Harris: We see the value of putting in place dedicated resources, such as Technology Counsel or e-Discovery Counsel, who have expertise in both legal discovery and IT. The more progressive legal departments are already doing so - either by establishing a multi-disciplinary team or by assigning a dedicated resource that understands both the legal and technical requirements around e-discovery.

From a strategic perspective, a Technology Counsel will be able to lead the discussions around what types of processes are in place for responding to discovery and the impact of technology on the process. From a tactical perspective, when there is a need to respond to a preservation obligation or e-discovery request, the Technology Counsel can ensure the processes around identifying relevant custodians and issuing legal holds are done consistently and in compliance with corporate and legal policies.

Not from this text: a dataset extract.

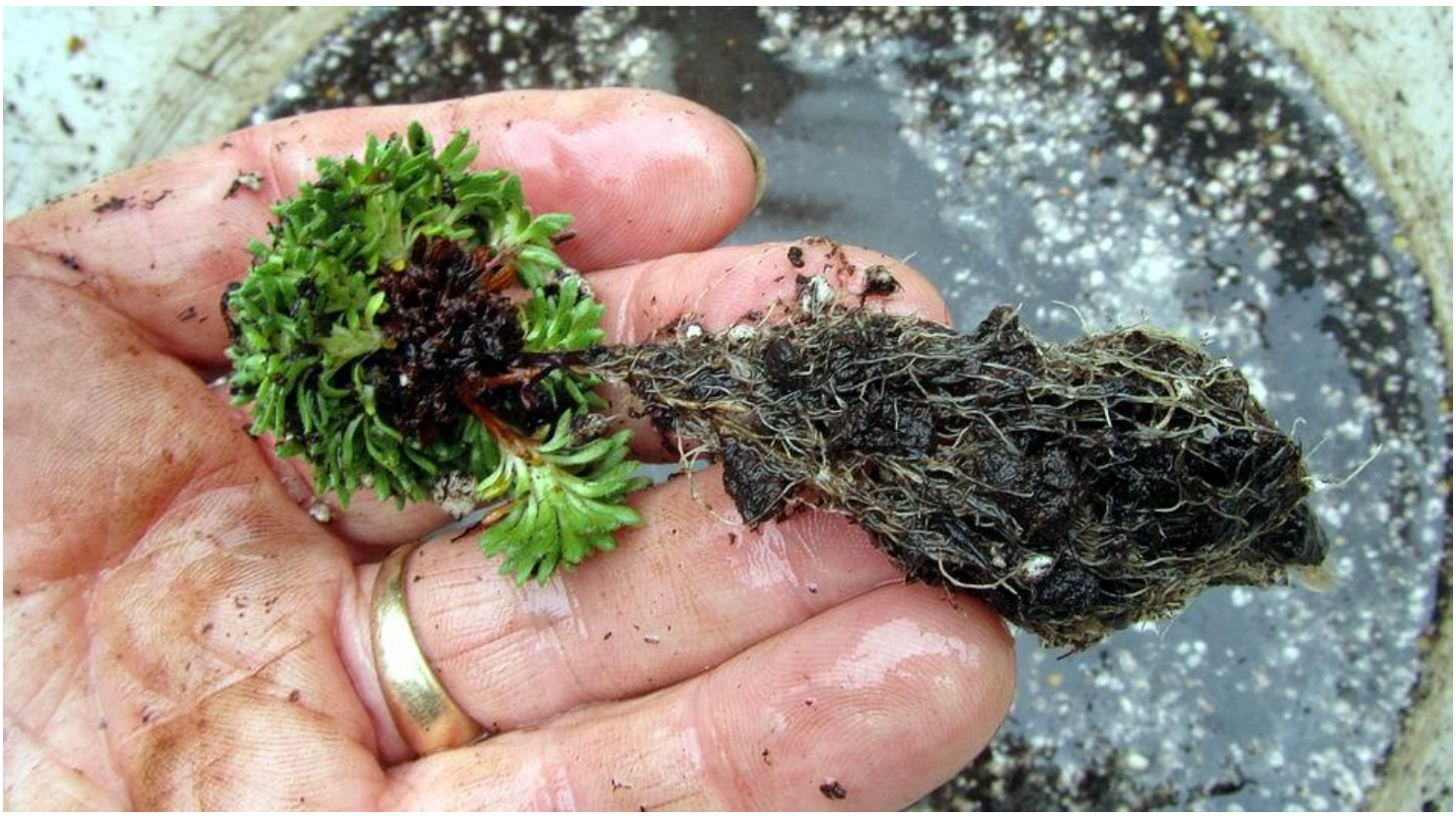
One more dip and shake will remove all but the lumps that the roots have penetrated.

Whenever I but plants I always wash away as much of the nurseries' potting mix away from around the roots – the only time I would not do this is in the winter but then I would not be planting them anyway. Although we are well into autumn the temperatures are still mild enough to ensure some root growth to allow the plants to settle in before the onset of the cold of winter – I believe a ground temperature of above 8C will allow slow root growth and in the troughs the temperature is still in double digits. Supporting the root ball with my fingers I dip it into a bucket of water and shake it around until as much of the mix is washed away as is possible without damaging the roots.

Finally, the Technology Counsel can serve as the resident expert and direct appropriate behavior when discovery obligations arise. Establishing this role will help bridge the gap between legal and IT, as well as ensure the company is in compliance with the FRCP, court-ordered mandates and other governmental regulations.

Editor: Fios offers comprehensive consulting services around information governance and electronic discovery compliance. What other steps should corporate counsel take to help improve practices relating to information governance and e-discovery response?

Harris: Compliance with the FRCP, ensuring policies are effectively enforced cross-departmentally, leveraging technology to improve processes, and improving communication between legal and IT all comes down to the defensible and predictable management of ESI. This Information Governance means taking actions specifically devoted to improving the way ESI is captured, retained and managed.

Fios has experience in developing programs to reduce the cost, risk and time associated with all phases of the process. As part of this planning, we help clients identify methodologies for retaining information that has business value and eliminating the information that does not. Our goal is also to improve the way information is organized and structured, so that both IT and legal can understand what content exists, how it is structured, and how accessibility can be improved. This is particularly important in the early stages of discovery - identification, preservation and collection - as this is where most companies make the biggest mistakes (i.e. Morgan Stanley, Intel, & Zubulake).

Companies need to start with a six- to 12-month review of records management policies and analyze how current policies get implemented and what practices are in place to insure compliance when legal holds are required or when they expire. For example, with the e-mail archiving, does the system have the ability to place a hold by custodian or only by server? It all gets back to focusing on processes and procedures and doing it in the context of e-discovery risk. Focus on processes that produce the highest returns and the greatest chance of success for both the company and its shareholders.